Sunday, June 10, 2018
As an entrepreneur I live with an almost constant nagging of feeling the need to get more done. I've spent the last couple of years investing a lot into my art and my business; investing time, money, learning, risks; following every opportunity whatever the cost, trusting that somehow it will come back to me.
Sometimes, with the natural ups and downs of feelings and life, I sometimes wonder if I'm not suffocating myself with deadlines and expectations with no return on my investments in sight, and I find myself asking; "what did I do all this for?"; the challenges that I've had to bust through to continue as the free flowing art form that I Am...
...and every time, the answer to that question brings the downward spiralling thought forms to a screeching halt as the beaming truth of my heart's calling gently lingers; touches it's fingers, in an ever presence that has shaped my life and guided my choices; for me, my horse, Padre.
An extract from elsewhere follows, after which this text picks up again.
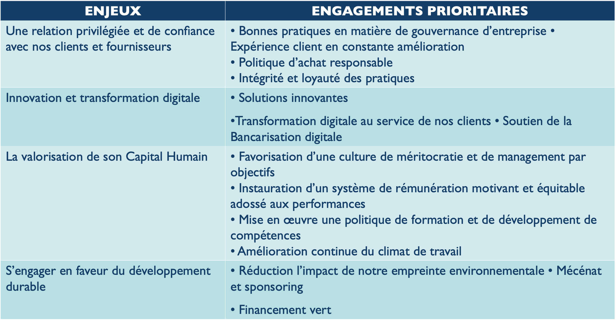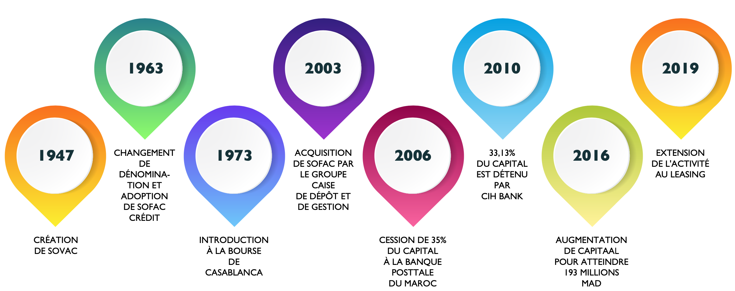 Sofac bénéficie de l’expertise appréciable de ses actionnaires : CIH Bank et Barid Al Maghrib. Forte de cet appui, Sofac bénéficie, aussi, du retour d’expérience de son actionnaire de référence CIH BANK en matière d’engagements RSE.

And in that moment I realize that in my doubt and anxiety, there's only one thing to do; put on my riding gear, tack up, and head for the hills.
We have, in this society, so much pressure to do, to be, to acquire... it's so easy to get caught up in all of it and forget the reasons why.
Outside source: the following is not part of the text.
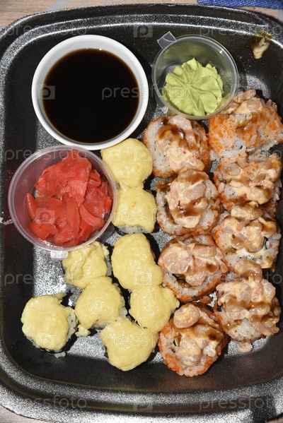 Запеченные роллы и суши с мясом и сыром со специями. Вкусный завтрак на подложке из роллов и суши с мясом

Today I rode my horse, Padre, and our (mine and Padre's) other horse, Shiro, came along beside us on her rope, and my dog Cloverbelle, too.
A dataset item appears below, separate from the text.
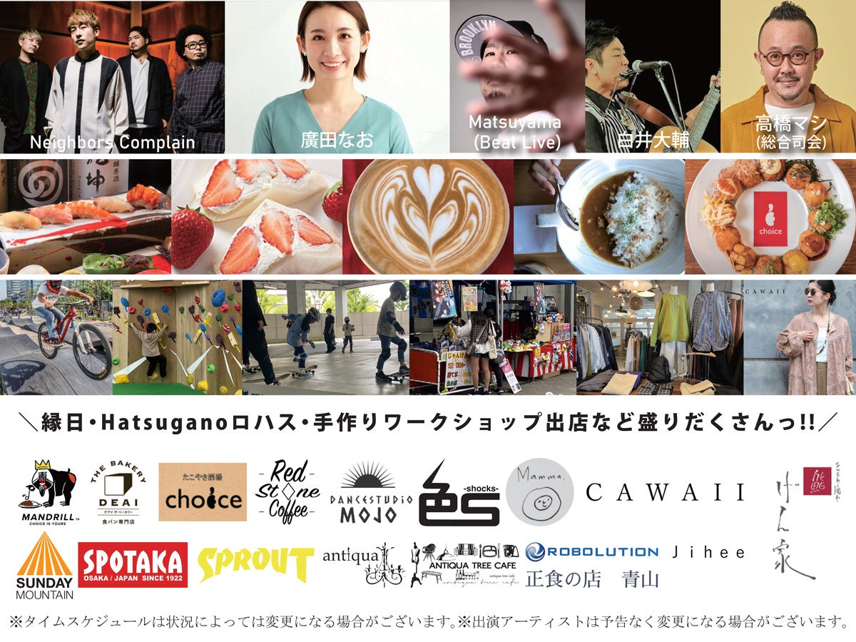 イベント会場自体への入場は無料。ブラックミュージックをルーツとする大阪発の4人組バンド「Neighbors Complain」のライブのほか、「美筋ヨガ」の考案者・ヨガインストラクターの廣田なおさんによるヨガレッスン、シンガーソングライターの白井大輔さんや、ダンスパフォーマンスなど、さまざまなエンターテインメントがお楽しみいただけます。

We rode across fields and up mountains and through sage, until we reached the rolling meadows and wildflower valley where Indian horses run free.
Today I felt that freedom in our strides as we galloped in sync to the hill top, emerging into the sky beyond, overlooking the town, clouds of silver mist washed over the view in front of us, we stopped to take it all in, and then we continued on; Padre's hoof beats resounding beneath me, Shiro kicking her feet, throwing her head back and running beside me, the wind in my hair and cape, the silver glow of the sky on my face.
I thought to myself that this moment, this feeling, that's what I'm doing it all for, and so long as I can keep these moments close, I will always know my purpose, and I will always find accessible It's infinite inner drive.
So, what are you doing all of it for?
Don't get caught up. Don't forget.
For most of us, we work for something that we already have; the parts of us that we cherish the most, that we don't want to lose. Keep them close and the rest will follow. Just like this blog that I've been putting off writing for months; I thought I had writer's block, but the truth is, I forgot what I was doing it for. I needed only to refuel my heart and my soul.
Descending the mountain, across the fields, through the sun it started to rain, I looked back over my shoulder to the path from where we came; and behold a perfect rainbow, winking it's eye, whispering my name.